* _Listed entries_
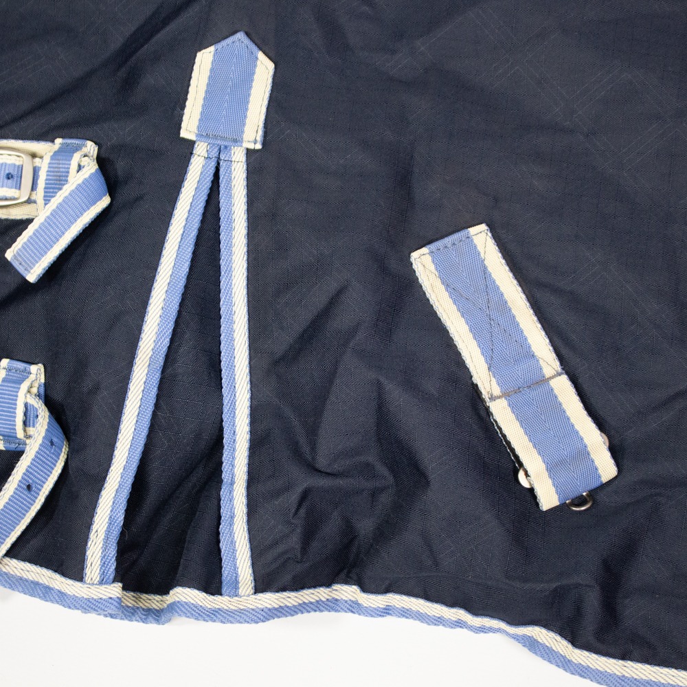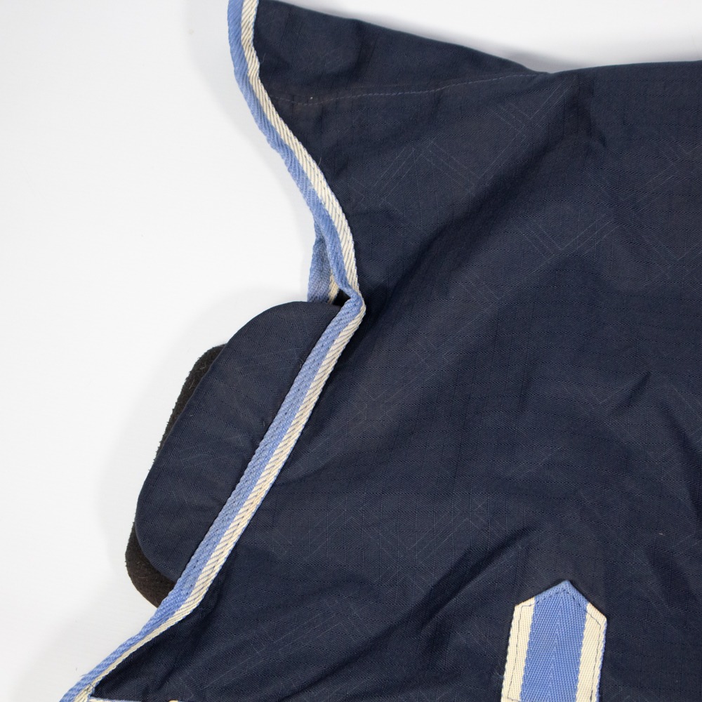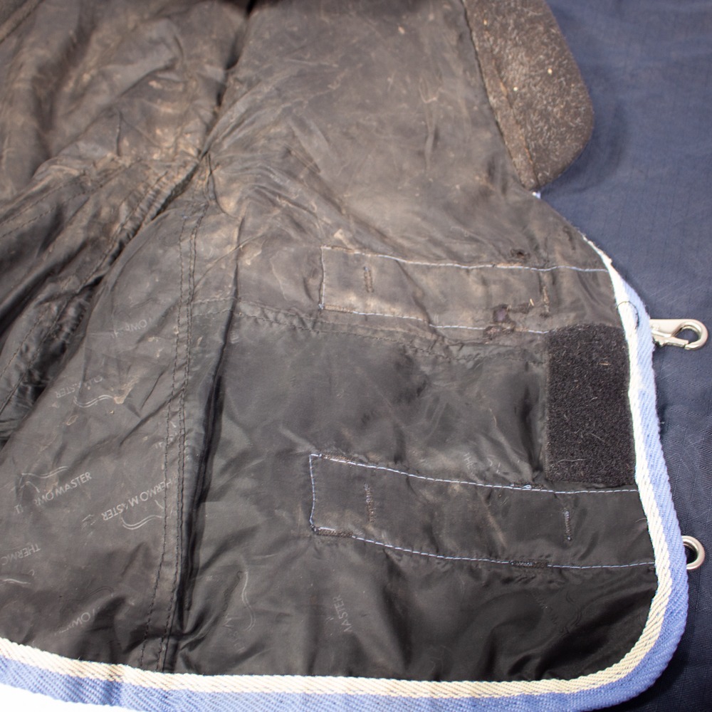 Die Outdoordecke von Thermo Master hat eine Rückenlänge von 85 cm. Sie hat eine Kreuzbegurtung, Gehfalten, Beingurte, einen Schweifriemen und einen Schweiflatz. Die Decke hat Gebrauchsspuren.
---
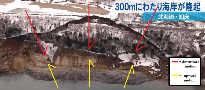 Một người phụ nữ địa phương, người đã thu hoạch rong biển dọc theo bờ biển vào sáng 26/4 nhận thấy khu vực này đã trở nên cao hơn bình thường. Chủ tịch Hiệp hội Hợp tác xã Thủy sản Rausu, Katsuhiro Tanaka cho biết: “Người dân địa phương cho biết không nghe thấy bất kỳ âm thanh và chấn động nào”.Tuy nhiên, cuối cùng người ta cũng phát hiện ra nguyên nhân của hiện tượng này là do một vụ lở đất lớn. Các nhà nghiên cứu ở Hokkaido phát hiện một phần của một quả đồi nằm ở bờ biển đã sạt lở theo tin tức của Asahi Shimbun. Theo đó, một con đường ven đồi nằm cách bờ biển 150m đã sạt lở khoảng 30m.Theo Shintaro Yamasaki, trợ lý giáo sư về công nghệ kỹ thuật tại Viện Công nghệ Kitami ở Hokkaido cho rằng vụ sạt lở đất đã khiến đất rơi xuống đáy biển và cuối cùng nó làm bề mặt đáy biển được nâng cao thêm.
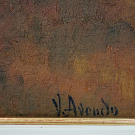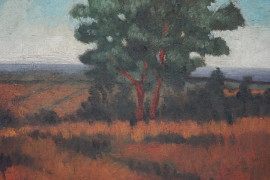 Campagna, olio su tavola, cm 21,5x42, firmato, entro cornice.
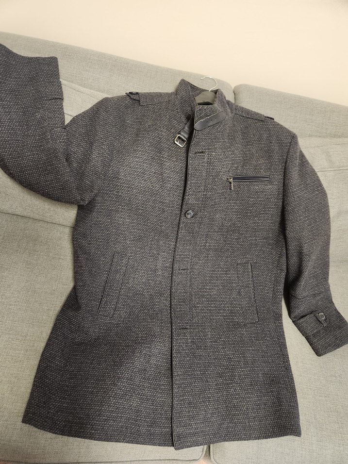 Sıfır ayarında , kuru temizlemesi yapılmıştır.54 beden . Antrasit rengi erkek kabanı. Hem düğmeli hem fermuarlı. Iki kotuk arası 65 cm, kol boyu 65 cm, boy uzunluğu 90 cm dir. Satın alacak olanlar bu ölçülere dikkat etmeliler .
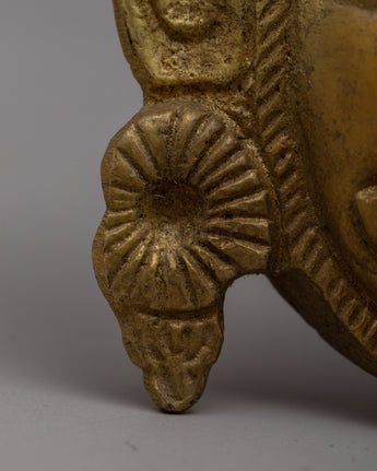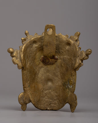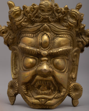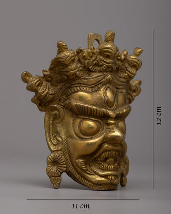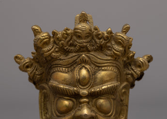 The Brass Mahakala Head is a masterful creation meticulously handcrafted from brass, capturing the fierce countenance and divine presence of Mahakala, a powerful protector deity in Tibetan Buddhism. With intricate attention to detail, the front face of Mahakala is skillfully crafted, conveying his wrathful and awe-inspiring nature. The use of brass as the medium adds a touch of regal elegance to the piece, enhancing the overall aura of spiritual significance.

* _Goal of the exercise_
What should come back is an exact copy of the lines above from the line with "Sıfır ayarında , kuru" to the line with "The Brass Mahakala", both included, minus the pictures.

* _Exercise output_
 Sıfır ayarında , kuru temizlemesi yapılmıştır.54 beden . Antrasit rengi erkek kabanı. Hem düğmeli hem fermuarlı. Iki kotuk arası 65 cm, kol boyu 65 cm, boy uzunluğu 90 cm dir. Satın alacak olanlar bu ölçülere dikkat etmeliler .
 The Brass Mahakala Head is a masterful creation meticulously handcrafted from brass, capturing the fierce countenance and divine presence of Mahakala, a powerful protector deity in Tibetan Buddhism. With intricate attention to detail, the front face of Mahakala is skillfully crafted, conveying his wrathful and awe-inspiring nature. The use of brass as the medium adds a touch of regal elegance to the piece, enhancing the overall aura of spiritual significance.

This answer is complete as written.